The Ballad of the Lonely Masturbator

Controversially, I am going to write today about female masturbation. The reason for this is that I see and hear women in recurrent miscarriage forums (RM forums) suffering and toiling with themselves about their sexual relationship with their partners, the role of the husband in understanding their pain and their difficulties to have sex after miscarriage. Their relationship with their bodies is deeply wounded by their loss of trust in them as is their identity after the perceived loss of “womanhood” that comes from miscarriage.

This concept of “womanhood” clashes with the rise of the independent woman and feminism. The increase of women in positions of power and the rise in popularity in women’s toys for masturbation. Are we as liberated as we want to think we are? Is female masturbation acceptable and encouraged? Or is it one more guilt trip in the well of recurrent miscarriage? I argue that, perhaps, masturbation is a form of fire that stifles our self-doubt and empowers us to rise above the “failure” to bring life into the world.

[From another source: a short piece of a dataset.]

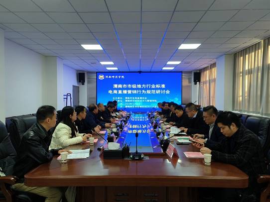 12月8日上午,由渭南市电商直播协会主办,渭南师范学院经济与管理学院承办的渭南市市级地方行业标准《电商直播营销行为规范》研讨会,在朝阳校区同心楼5105会议室举行。渭南市人力资源社会保障局、陕西铁路工程职业技术学院、渭南职业技术学院、渭南农投集团乡村振兴有限责任公司、陕西白鹿时光数字贸易有限公司、陕西勤奋新网传媒有限公司、陕西环洲丝路商贸有限责任公司以及我校科研处、经济与管理学院等政校企专家30余人参加研讨会。研讨会由经济与管理学院院长李富荣主持。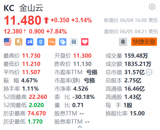 金山云(KC.US)盘前涨7.84%报12.38美元;金山云H股今日收涨近10%报6.57港元。消息面上,昨日国家能源局发布通知,要求在能源资源丰富地区协同规划算力与电力项目,探索“绿电聚合供应”模式,为算力中心降低用电成本提供路径,推动绿色算力产业链加速发展。此外,富瑞集团分析师Thomas Chong维持金山云买入评级,并将目标价从5.8美元大幅上调至16美元。(格隆汇)

Through my own eyes, I can see women being coerced and manipulated into sex and women who don’t have enough of it. There is a very common misconception in society whereby there are two kinds of women who have sex: “Independent barren? women who enjoy sex and demand their sexual needs be met” vs “women who procreate with sex”. The latter is perpetuated as the figure of the ever nurturing mother, the one who sacrifices everything to nourish other people’s needs, the one who asks for little in exchange for giving it all. In that sense masturbation emerges as a form of self-expression and freedom. It challenges the status quo. It is seen by many as an act of selfish gratification and pleasure seeking. It demonises women as a form of rebellion from the role of mother, wife, daughter and sister. A woman who doesn’t seek to procreate with sex, but to gain pleasure, recreation and release. It is seen as having an opposing role to that of the woman who suffers post partum depression, gets pregnant putting her own body and mind in jeopardy and chooses to sacrifice her career in favour of having a family. (At least this is done for the greater gain? right?)

I am now confronted by a decision that shakes the very core of my feminine/feminist values. I always wanted to be an independent woman. It was this kind of woman who fought for the right to vote, to have legal protection in their careers, to own her own property, to wear whatever the hell she wanted and to utilise sex toys if she wanted to masturbate.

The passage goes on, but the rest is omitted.